USA: Interrogation techniques amount to torture

Citing current and former officials, the New York Times has claimed that Khalid Shaikh Mohammed, an alleged leading member of al-Qa’ida held in an undisclosed location for more than a year, has been subjected to interrogation techniques including “water boarding” in which the prisoner is forcibly pushed under water to the point that he believes he will drown.

“This would be a clear case of torture”, Amnesty International said, adding that water submersion is a technique that has been used by countries notorious for their use of torture.

The New York Times states that the techniques used against Khalid Shaikh Mohammed were among a set of secret rules approved by the administration for use against “high value” detainees in the so-called “war on terror”.

Separately, Secretary of Defence Donald Rumsfeld told a Senate committee yesterday that Pentagon lawyers had approved methods of interrogation in Iraq such as “sleep management”, “dietary manipulation” and “stress positions”.

Such so-called “stress and duress” techniques have been widely alleged by former detainees held in US custody in Afghanistan some of whom were subsequently transferred to Guantánamo Bay.
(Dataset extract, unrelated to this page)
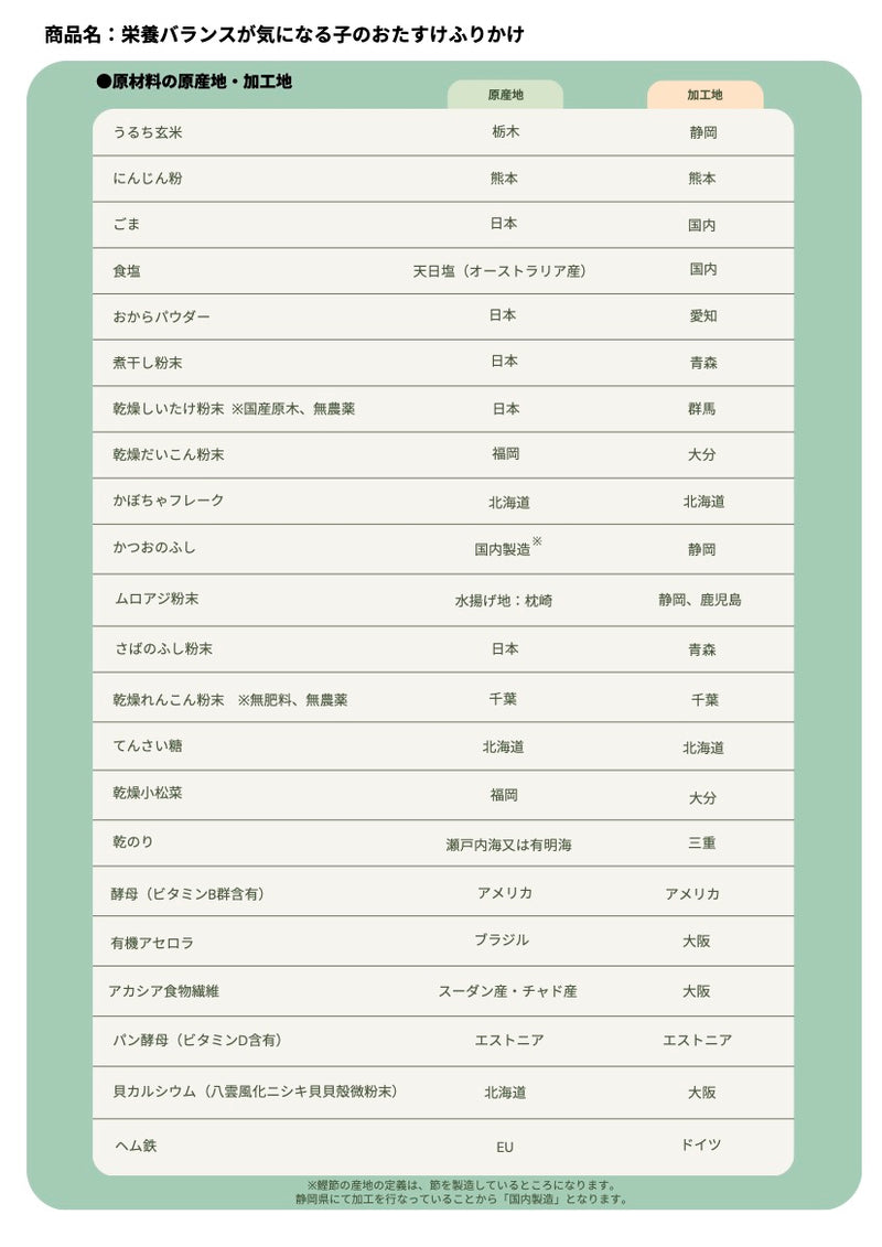 このふりかけは、偏食気味・イライラしがちな3歳〜11歳の子どもたちに不足している栄養をサポートするよう設計しています。

Under questioning by the committee, Secretary Rumsfeld said that:

“Any instructions that have been issued or anything that has been authorized by the Department have been checked by the lawyers” and “deemed to be consistent with the Geneva Conventions”.

Amnesty International said:

“These techniques of torture or cruel, inhuman or degrading treatment are grave breaches of the Fourth Geneva Convention, amounting to war crimes, and violate the Convention Against Torture to which the USA is a state party”.

Amnesty International noted that the Committee Against Torture, the expert body established by the Convention Against Torture to oversee its implementation, has expressly held that restraining detainees in painful positions, hooding, threats, and prolonged sleep deprivation are methods of interrogation which violate the prohibition on torture and cruel, inhuman or degrading treatment.

In the past two years, human rights organisations, including Amnesty International, have raised this issue at the highest levels of the US administration.

Amnesty International said:

“The US administration still has not learnt that ill-treatment and abuse are a slippery slope to torture and should be totally prohibited.”

“All US detention facilities around the world, holding prisoners captured in the context of the ‘war on terror’, must be opened to independent monitors and all allegations of torture and cruel treatment subjected to vigorous independent investigation.”

The organisation reiterated that torture is strictly prohibited in all circumstances, including in times of emergency and war.